Many investors are under the impression that the entire global market is overvalued. Luckily, though, there are some emerging markets that can offer excellent opportunities. Of course, these emerging markets bring with them a great deal of risk and may turn out to be dogs. Emerging countries tend to have low to medium per capita income and are currently growing. They include both large countries like China, as well as smaller countries. But beware. These markets offer a great deal of volatility, and, despite their great potential for growth, are less stable than most markets.
1. China’s Rapid and Widespread Growth
The first market on our list is the very large and rapidly growing China. China’s growth this year is 6.4 percent (per the World Bank), as opposed to just 2.8 GDP growth expected in the US (according to the Federal Reserve Bank). Much of this is in information technologies.

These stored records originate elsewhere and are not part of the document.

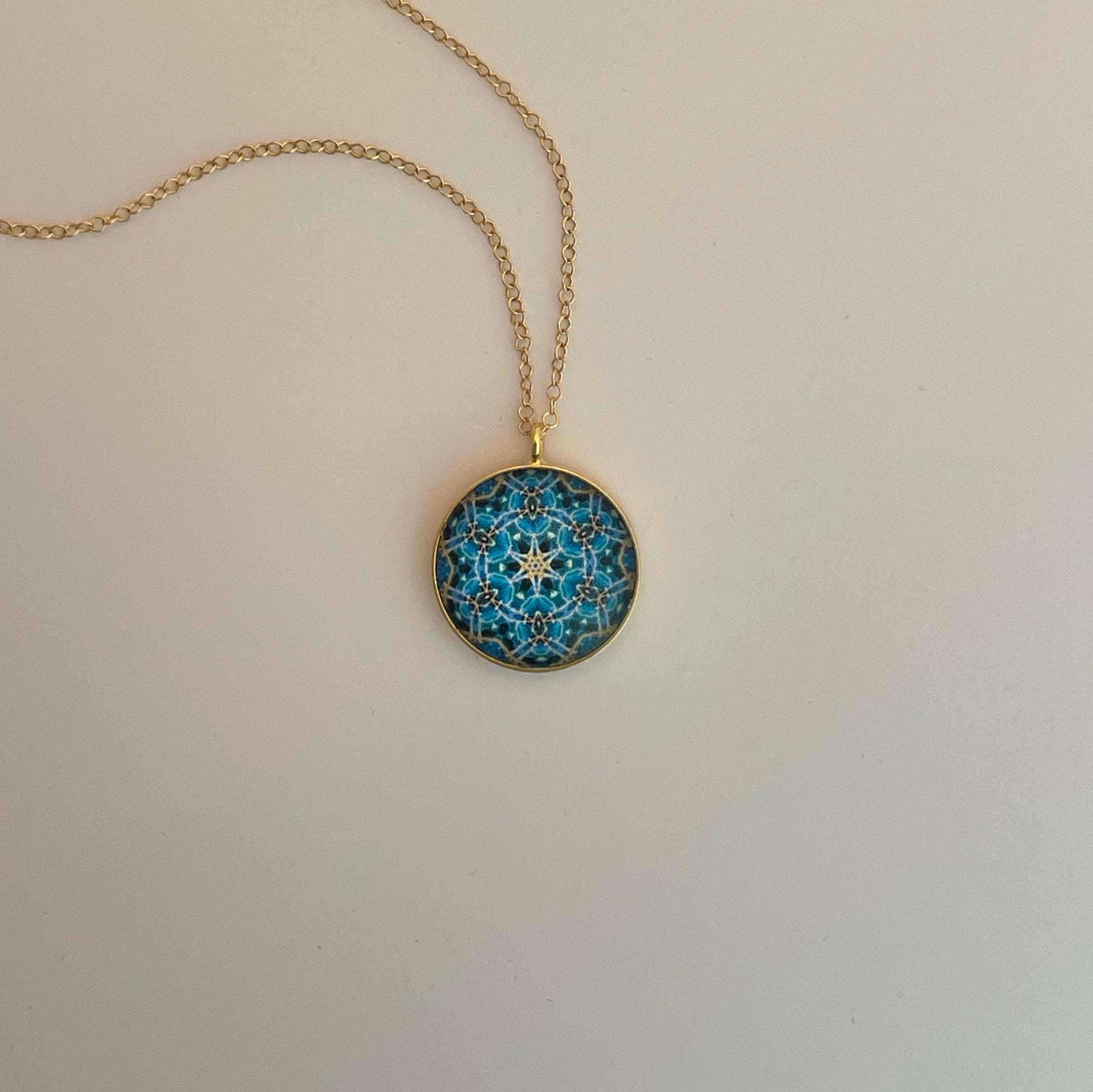 Stunning, glass .75" diameter pendant set in gold-plated bezel on 16" - 18" adjustable, gold-filled necklace. This statement piece is truly a work of art. The design was created from an original photo of Ana's azalea garden.
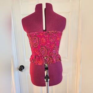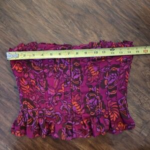 Free People Floral Pleated Ruffle Faux Corset Crop Tube Top
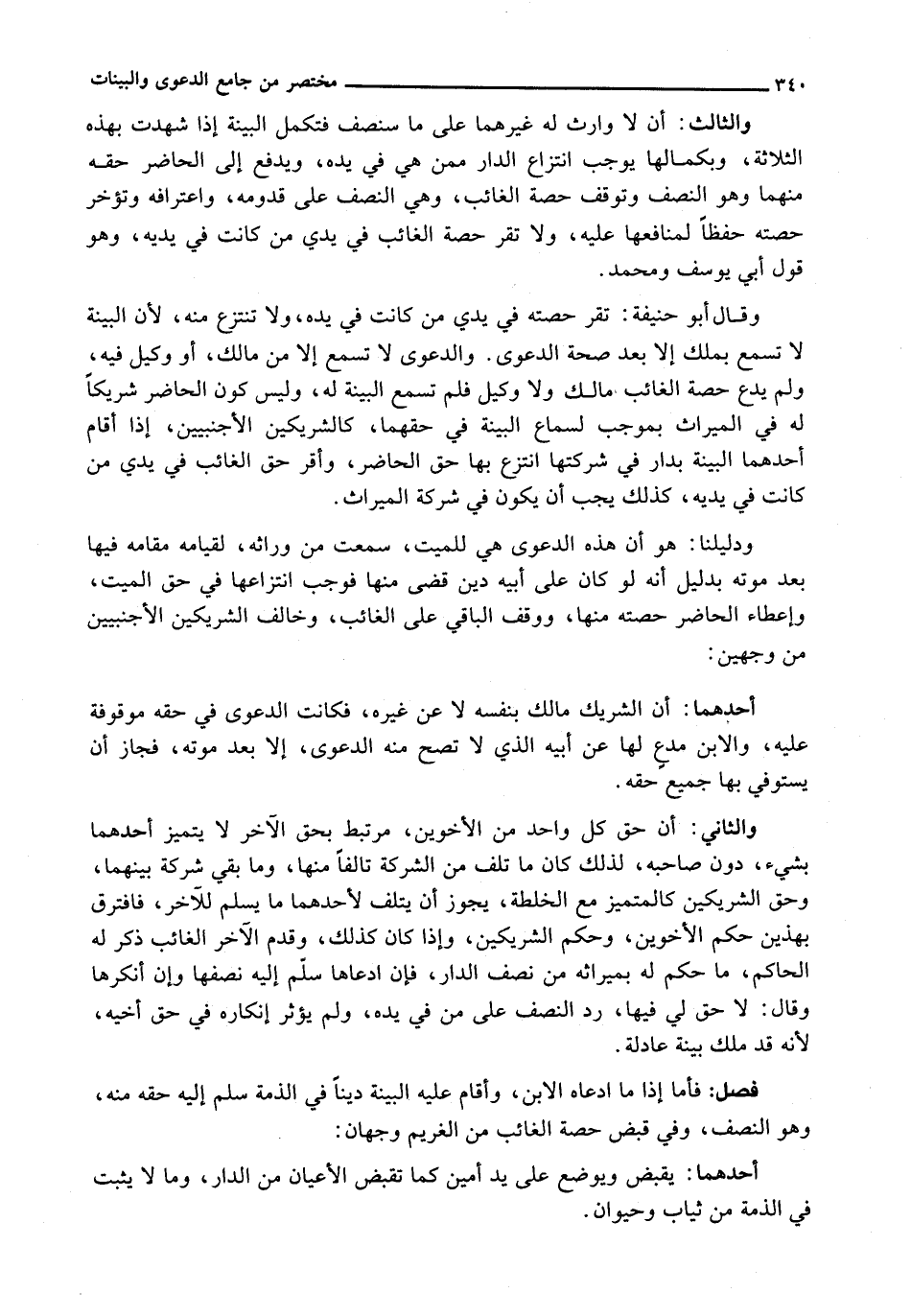 وَالثَّانِي: إِنَّ حَقَّ كُلِّ وَاحِدٍ مِنَ الْأَخَوَيْنِ، مُرْتَبِطٌ بِحَقِّ الْآخَرِ لَا يَتَمَيَّزُ أَحَدُهُمَا بِشَيْءٍ، دُونَ صَاحِبِهِ، لِذَلِكَ كَانَ مَا تَلَفَ مِنَ الشَّرِكَةِ تَالِفًا مِنْهَا، وَمَا بَقِيَ شَرِكَةً بَيْنَهُمَا، وَحَقُّ الشَّرِيكَيْنِ كَالْمُتَمَيِّزِ مَعَ الْخُلْطَةِ، يَجُوزُ أَنْ يَتْلَفَ لِأَحَدِهِمَا مَا يَسَلَمُ لِلْآخَرِ، فَافْتَرَقَ بِهَذَيْنِ حُكْمُ الْأَخَوَيْنِ، وَحُكْمُ الشَّرِيكَيْنِ، وَإِذَا كَانَ كَذَلِكَ، وَقَدِمَ الْآخَرُ الْغَائِبُ ذَكَرَ لَهُ الْحَاكِمُ، مَا حَكَمَ لَهُ بِمِيرَاثِهِ مِنْ نِصْفِ الدَّارِ، فَإِنِ ادَّعَاهَا سَلَّمَ إِلَيْهِ نِصْفَهَا وَإِنْ أَنْكَرَهَا وَقَالَ: لَا حَقَّ لِي فِيهَا، رَدَّ النِّصْفَ عَلَى مَنْ فِي يَدِهِ، وَلَمْ يُؤَثِّرْ إِنْكَارُهُ فِي حَقِّ أَخِيهِ، لِأَنَّه قَدْ مَلَكَ بَيِّنَةً عَادِلَةً.
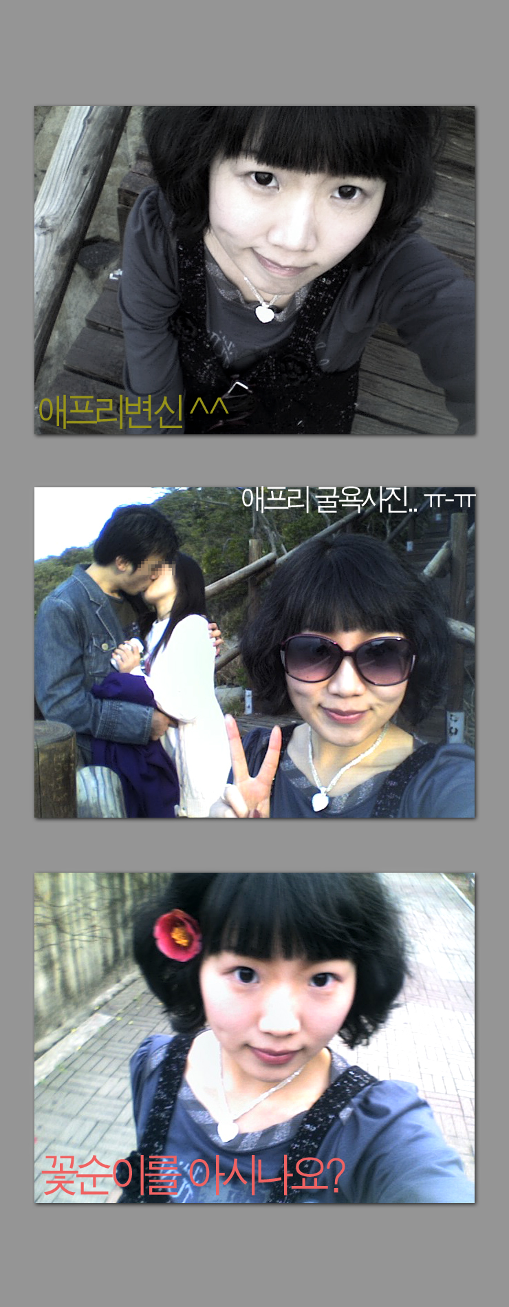 ㅋㅋ 두번째 사진은 충격 저도 머리 짤랐는데 이미지 변신은 무슨 ㅡ,.ㅡ 촌닭됐어요 허리까지오는 머리였는데 미용사가 잘못짤라서 단발됐거든요 ㅋ

Because of the widespread growth, it is best to invest in a broad-based emerging markets ETF or one of the 47 China sector funds.
2. India is Growing Too
India is very similar to China in that it is rapidly becoming a consumption economy and the World Bank pegs its growth at 7.3 percent. Aim for a broad exposure of India stocks, such as the iShares MSCI India ETF.
3. Thailand: Growth Linked to Reform
Reforms in education and skills and investment in infrastructure are expected to boost Thailand’s market onto a path of higher growth. The World Bank expects 4.1 percent growth. The country has adopted a 20-year national strategy to improve intellectual property rights in an effort to become a high-income nation. The iShares MSCI Thailand ETF holds 120 stocks in major Thailand companies.
4. Brazil: Risky, But A Bargain
Brazil’s economy rebounded from a 2-year recession to 1 percent growth in 2017 and is expected to grow to 1.5 to 3 percent. This is despite massive income inequality, corruption investigations of its leaders, and numerous economic problems. The iShares MSCI Brazil ETF holds 54 companies and offers shares for less than the value of the underlying company stocks.
5. Russia: Avoid Specific Funds
Russia’s 3.1 percent growth in 2017 is expected to slow despite rising oil prices. The World Bank projects growth to be stalled at 1.5-1.8 percent through 2020. Because of this, stay away from individual funds and buy the emerging markets index.
6. Taiwan: Be Patient
Taiwan’s attempts to lessen its dependence on China and increase its commerce with other Asian nations has helped it become one of the wealthiest economies in Asia. But the first quarter of 2018 saw only 3 percent growth, and this is expected to sink to 2.45 for 2018. It is best to wait for signs of future growth once again before investing in Taiwan.
7. Investing More Broadly: An Emerging Markets Fund
Because of the volatility of these emerging markets, trying to find the right one is rather risky. Experts recommend a more broad-based emerging markets fund to help minimize risk and volatility.